In the 1950s, the British film industry produced a number of highly successful film series, however, including the Doctor series, the St. Trinian's films and the increasingly bawdy Carry On films. John and Roy Boulting also wrote and directed a series of successful satires, including Private's Progress (1956) and I'm All Right, Jack (1959). As in the United States, in the next decade much of this talent would move into television.

Norman Wisdom was cast in a series of comedy films produced between 1953 and 1966 featuring his hapless onscreen character that was often called Norman Pitkin.

===1960s–1980s===
In the late 1950s, as the United States, the television industry has become a serious competition over the film industry. So from the early 1960s, much of the British comedies passes through television.

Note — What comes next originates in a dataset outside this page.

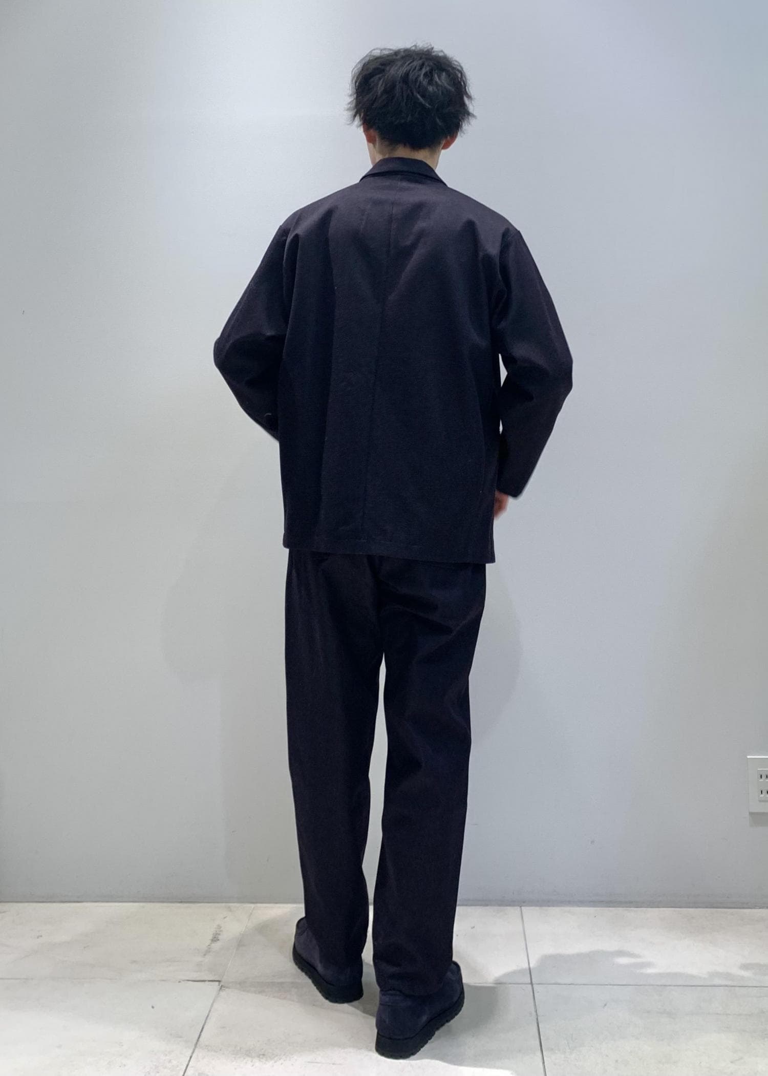 タテ糸は光沢のある上質な綿、ヨコ糸はウォッシャブルウールを使用し、毛織物産地愛知県津島の瀬尾毛織で限界まで高密度に織り上げたウールデニム。タテ糸の 藍色は江戸時代後期から藍染の産地である埼玉県羽生市で伝統的に染めている本藍染の色を手本に、色落ちのしない染料にて染色。艶やかな光沢感とウールの持つしなやかなハリコシが高級感ある表情です。

==== Monty Python team ====
Monty Python team, created in 1969, is composed of six members : Graham Chapman, John Cleese, Eric Idle, Michael Palin, Terry Jones and Terry Gilliam.

Even if most British comedy films of the early 1970s were spin-offs of television series, including Dad's Army and On the Buses, the greatest successes, however, came with the films of the Monty Python team, including And Now for Something Completely Different (1971), Monty Python and the Holy Grail (1975) and Monty Python's Life of Brian (1979).

One of the most famous movies of the 1980s (in part realized by Monty Python team) is A Fish Called Wanda, a multicultural movie between British and American cultures, with the American actress Jamie Lee Curtis.

To finish, Monty Python produced in 1983 Monty Python's The Meaning of Life.

===1990s–2010s===

One of the major developments of the 1990s was the re-emergence of the romantic comedy film, like Four Weddings and a Funeral (1994), Sliding Doors (1998), and Notting Hill (1999). Recent successful films, more representative of British humour were the working class comedies Brassed Off (1996) and The Full Monty (1997).

==== Comedies with Rowan Atkinson ====
In 1990 Rowan Atkinson created a series for TV Mr. Bean, which made the actor Rowan Atkinson famous all around the world. Later, he played in two movies based on 'Mr Bean' : Bean in 1997, and Mr. Bean's Holiday in 2007.

Later, he parodied the James Bond film series in the spy series Johnny English, consisting of three films releasing from 2003 to 2018, distributed by Universal Pictures.

==== Comedies about India ====
Some British comedies examined the role of the Asian community in British life, including Bhaji on the Beach (1993), East Is East (1999), Bend It Like Beckham (2002), Anita and Me (2003) and Death at a Funeral (2007).

Some other comedies takes place in India, such as The Best Exotic Marigold Hotel (2012) and The Second Best Exotic Marigold Hotel (2015) with Judi Dench and Maggie Smith.